From Tense to Present: Micro-practices to Recover Composure Fast
From Tense to Present: Micro-Practices to Recover Composure Fast
Despite the many variations in a workplace, a developed leader can see all the overlaps as well. The important but dreaded conversations, the heated comments in meetings, the emails that spike your heart rate. Leadership doesn’t immunise us from pressure, it can amplify it.
An aspiring manager might think they’re missing the spark required to protect themselves from pressure, the resilience great leaders have. The reality, however, is that truly effective leaders aren’t immune to stress, rather they recover faster.
The skill to change states - move from tense to present, from reactive to responsive - is learnt. In the moments where distress is concentrated, it’s not grand tactics, and pre-thought out plans that can help. It’s small, repeatable micro-practices.
The Science of Emotional Hijack
When tension peaks, your brain’s emotional response system, the amygdala, kicks into gear. The amygdala is your body’s internal alarm bell, triggering scans for threats, and a rapid fight, flight, or freeze response. When your brainpower focuses on these high stress responses, it leaves other areas, like your prefrontal cortex (responsible for self-control and rational actions) dampened.
While this response made sense before the Neolithic age, perfected by millions of years of evolution, a freeze response is less suitable if the culture you’re promoting in your workplace is starting to implode, and a fight response could be even worse.
The impact could be you:
- Not accessing logic easily
- Perceive your viewpoint as fact, and assume intentions
- React instead of choosing your response
- Potentially say or do something you regret later
Psychologist Daniel Goleman dubs this an “emotional hijack.”

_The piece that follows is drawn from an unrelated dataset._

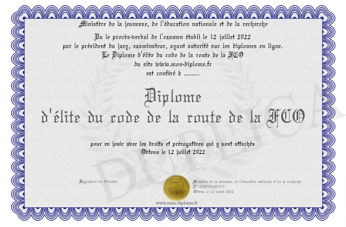 Envoyez par email votre Diplôme d'élite du code de la route de la FCO personalisé

And the solution? Micro-techniques.
Microscopic in-the-now practices that help take control away from the amygdala, and help you think with the prefrontal cortex, bringing you back to controlling your emotional reaction.
Micro-practices to Bring You Back to the Present
These strategies take moments, and they’re backed by neuroscience. If you feel yourself heading towards high tension, overwhelming emotions, or catastrophising thoughts, try these five strategies out.
1. 3–6 Breathing
Inhale for 3 seconds. Exhale for 6. Repeat 3 times (In through your nose and out through your mouth is a popular method).
Luckily your body has a natural calming mechanism, the parasympathetic nervous system. This breathing technique triggers it by slowing your heart rate and sending the message to your brain that “we’re not in danger."
2. Name the Emotion
Internally label the emotion you’re experiencing.
“I’m feeling pressure”
“This is anxiety”
“I’m irritated”
This act engages your thinking brain. Research displays how naming emotions reduces amygdala activity - dimming your emotional led responses and reverting you to tactical thinking. Tip: keep a list of emotions - your experience index.
3. Feet on the Floor, Eyes to the Horizon
Ground your body. Then lift your gaze.
- Plant your feet flat to the ground, aware of their contact with the floor
- Look to the furthest point in your landscape. Don’t focus, just widen your awareness
This practice is more suitable for a stressful email in your office instead of a board meeting and shifts your attention to the physical now, away from your racing thoughts. It breaks internal rumination and re-centres you.
4. Ask: “What’s the story I’m telling myself?”
Our reactions are often caused by our interpretations, not facts.
That silence in the meeting might have you telling yourself: “they think I don’t know what I’m talking about.” Being aware of your own assumptions, helps reconnect you to the truth:
“What do I actually know right now?” and “What are the facts telling me right now?”
5. Pulse Check
Be aware of the physical signs of “flooding”:
- Increased heart rate
- Dry mouth
- Tunnel vision
- Clenched jaw
- Breath held or shallow
- Sweaty palms
If you’re in it, stop. Step back, even just for two minutes. Drink water, breathe, stretch your hands, arms or jaw. Research suggests it takes at least 20 minutes for full emotional recovery after a high-intensity trigger. Important information, but wasted if you don’t recognise the signs that you need to give your body, and mind a break.
From Tense to Present: What Changes?
As you consistently use these practices, you’ll see your recovery time shortening. You stop spiralling, you start noticing sooner when you need to implement them. You make less reactive decisions, communicate more effectively, and increase your control, not because the stress has disappeared, but because you’ve done the work to remain grounded despite it.
Dominic from Blue Edge writes:
“It’s learning to respond and not react, if it’s deliberate it’s a response, the art is developing these skills before we need them, so that when we need them, they are available to us.”
It’s neither dramatic nor flashy. But still truly powerful.
Final Thought: Composure is a Trained Response
Matching how athletes rehearse high-pressure moves, leadership development involves rehearsing high-pressure responses.
Composure isn’t a personality trait. It’s a practice. And in the time between stimulation and responses, these micro-practices can impact everything.